Your output should be the lines from the one containing "IS THE BEST" through the last line below, both ends included, exactly as written and free of pictures.
___ SUPPLIED DATA ___
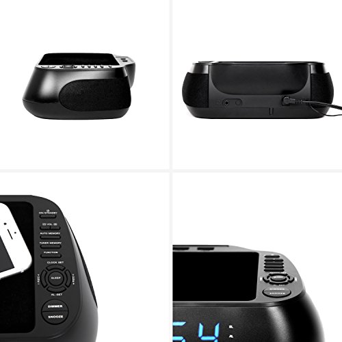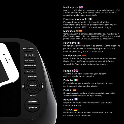 CONNECT TO YOUR IPHONE OR SAMSUNG SMARTPHONE VIA AUX – Aux in port will allow you to connect your mobile phone / iPod / iPad / tablet or any other MP3 device so the unit can act as a speaker as well as your alarm clock. Operated by UK plug only (supplied); use 2 X AAA batteries for memory only.
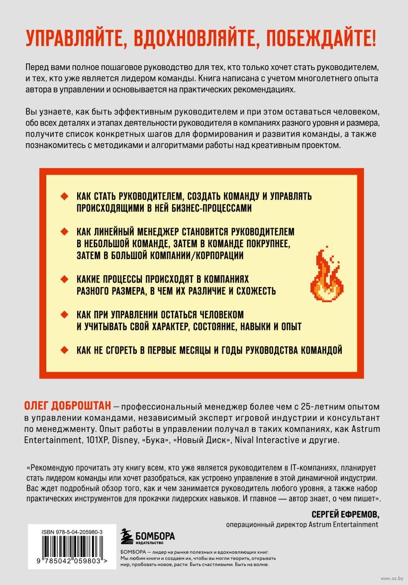 Эта книга – практическое руководство по развитию навыков руководителя в IT-компаниях, подходящее как для начинающих, так и для опытных лидеров. Автор делится своим многолетним опытом и предлагает конкретные рекомендации о том, как эффективно управлять командой, сохраняя при этом человечность. Читатели узнают о ключевых этапах руководства, методах работы над креативными проектами и способах избежать выгорания. Книга будет полезна не только представителям IT-индустрии, но и всем, кто стремится стать успешным руководителем.
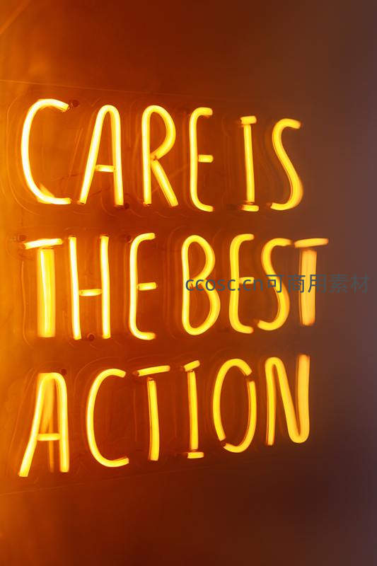一面墙上亮着金黄色的霓虹灯,清晰显示“CARE IS THE BEST ACTION”,柔和光线渲染出温馨感,强调关怀在行动中的重要性。
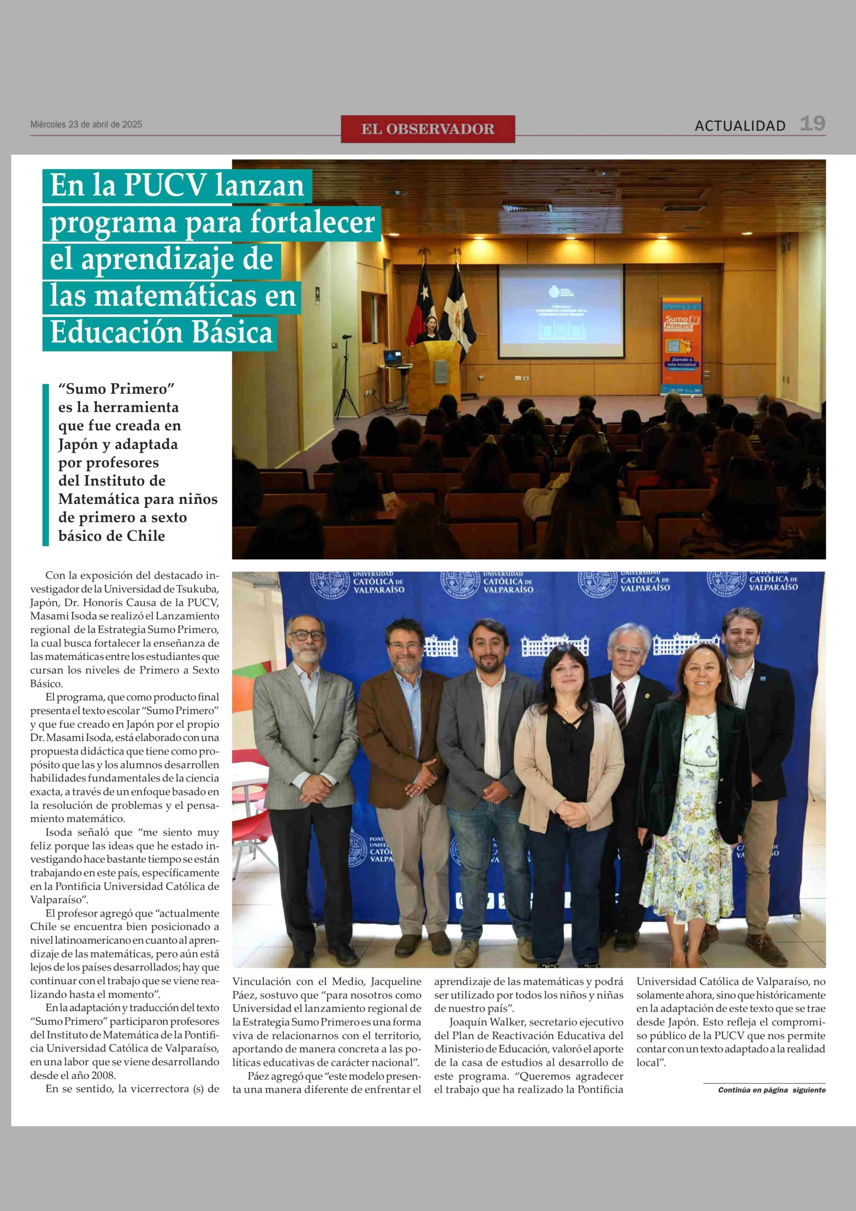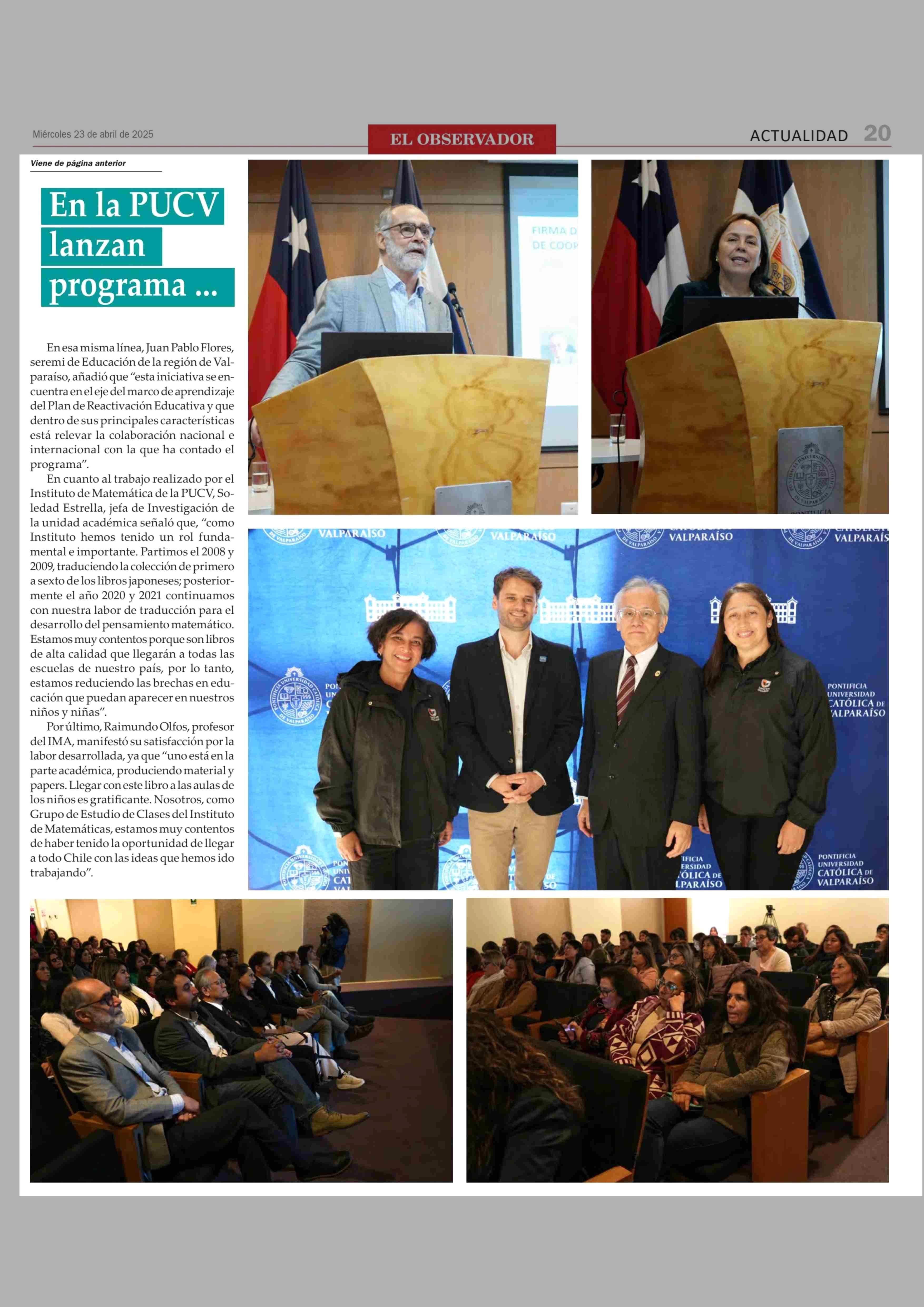 En la PUCV lanzan programa para fortalecer el aprendizaje de las matemáticas en Educación Básica 23-04-2025 El Observador Vespertino |
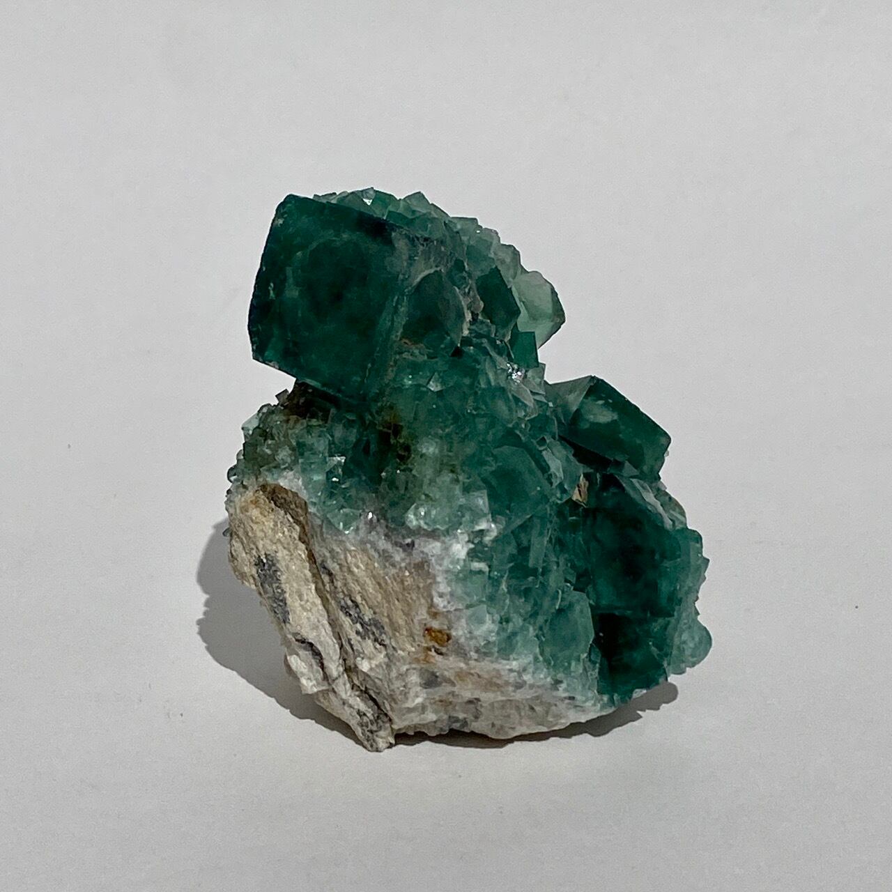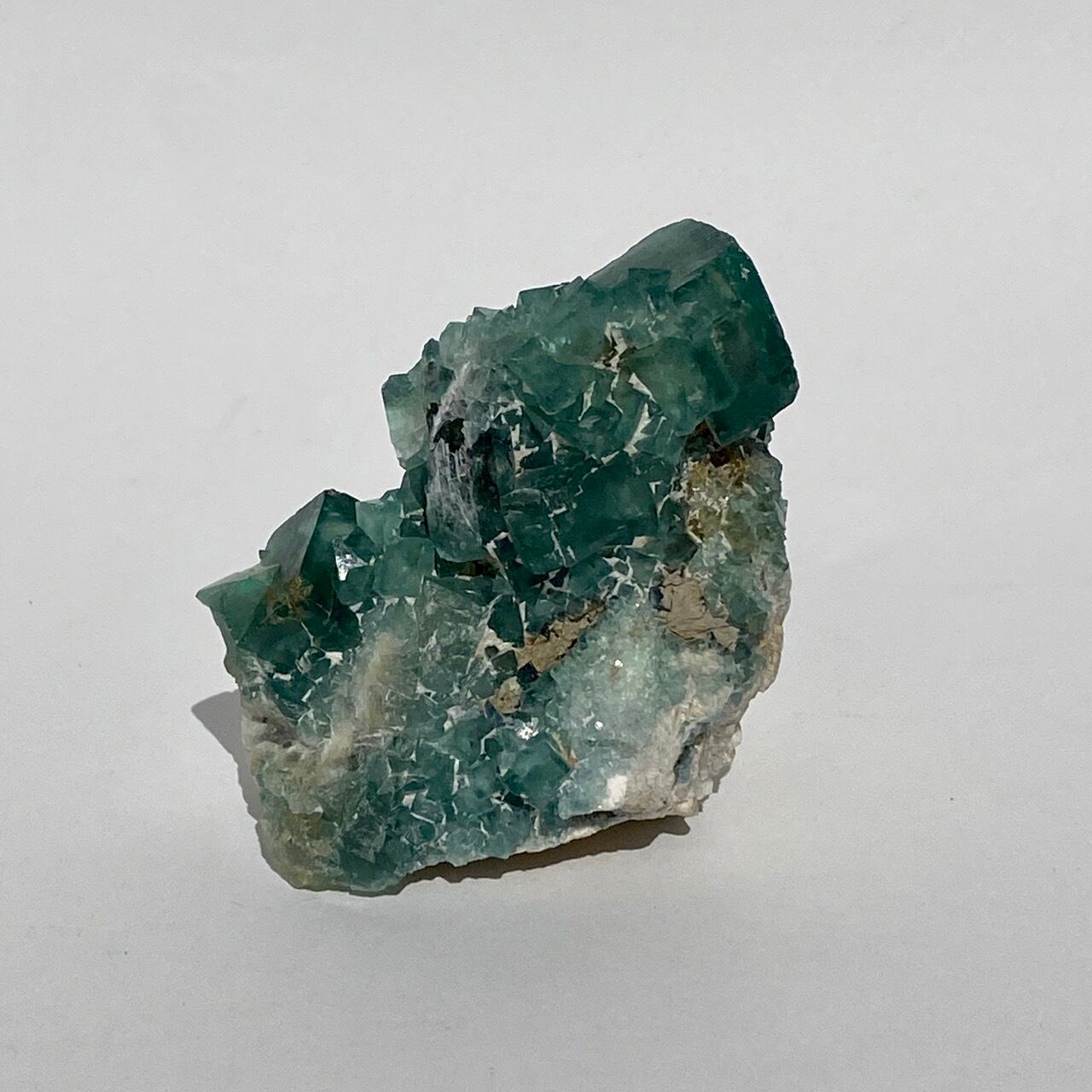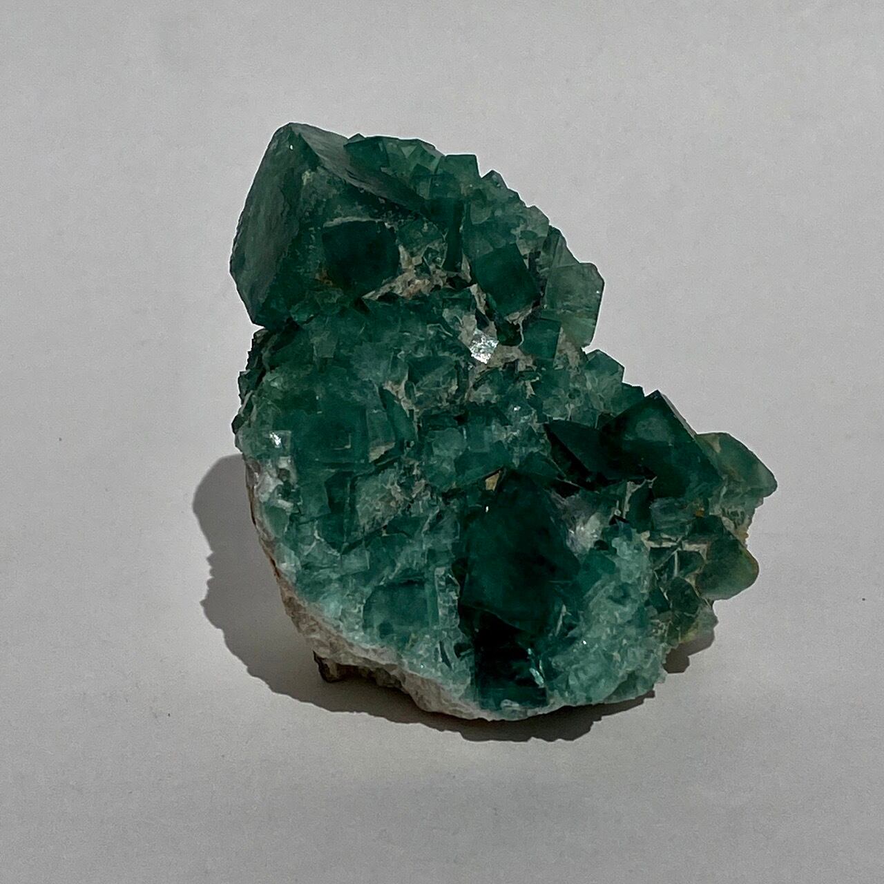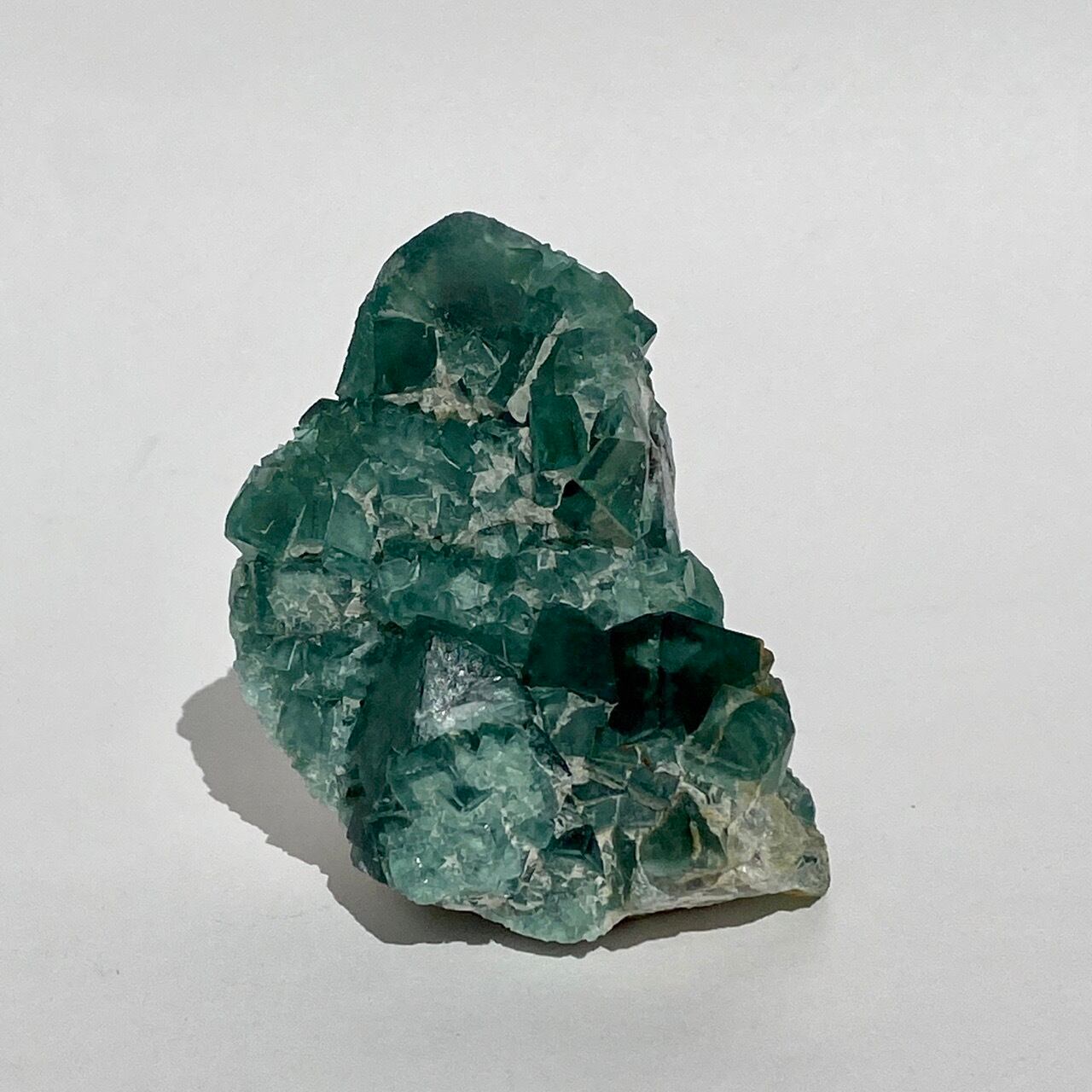 深緑のキューブ型結晶から成る、マダガスカル産フローライトのクラスターです。
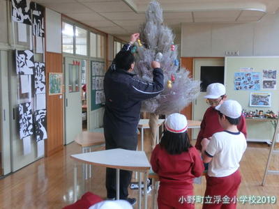 冬休みまでの2週間、多目的ホールを飾る浮金ツリーが楽しめそうです。
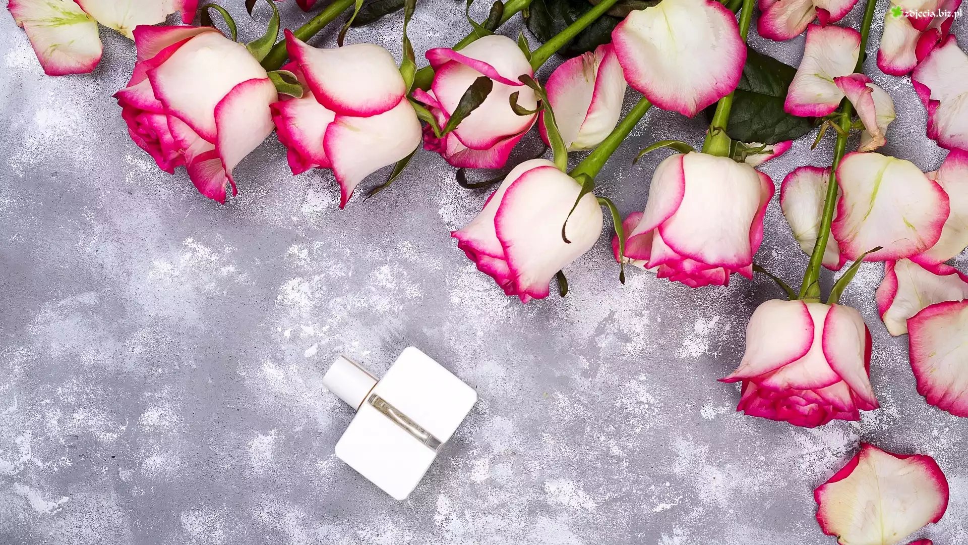 Zdjęcie, Róże, Biało-różowe, Buteleczka, Perfumy, Szare, Tło
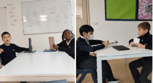 Years 3 and 4 did a barrier game activity during the week. Barrier games are a great way to encourage speaking between the students. One student has one piece of information and their partner the other one. The key is, to talk to each other, to find the pieces of information you're looking for.
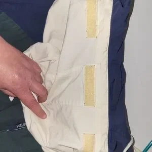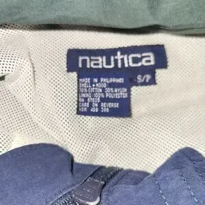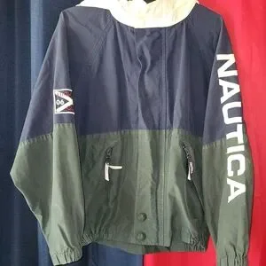 Nautica colorblock windbreaker. Navy top with forest green lower panels. Full zip with front pockets. Bold Nautica logo on sleeve. Lightweight, sporty design.
___
SOLVED PROBLEM
一面墙上亮着金黄色的霓虹灯,清晰显示“CARE IS THE BEST ACTION”,柔和光线渲染出温馨感,强调关怀在行动中的重要性。
 En la PUCV lanzan programa para fortalecer el aprendizaje de las matemáticas en Educación Básica 23-04-2025 El Observador Vespertino |
 深緑のキューブ型結晶から成る、マダガスカル産フローライトのクラスターです。
 冬休みまでの2週間、多目的ホールを飾る浮金ツリーが楽しめそうです。
 Zdjęcie, Róże, Biało-różowe, Buteleczka, Perfumy, Szare, Tło
 Years 3 and 4 did a barrier game activity during the week. Barrier games are a great way to encourage speaking between the students. One student has one piece of information and their partner the other one. The key is, to talk to each other, to find the pieces of information you're looking for.
 Nautica colorblock windbreaker. Navy top with forest green lower panels. Full zip with front pockets. Bold Nautica logo on sleeve. Lightweight, sporty design.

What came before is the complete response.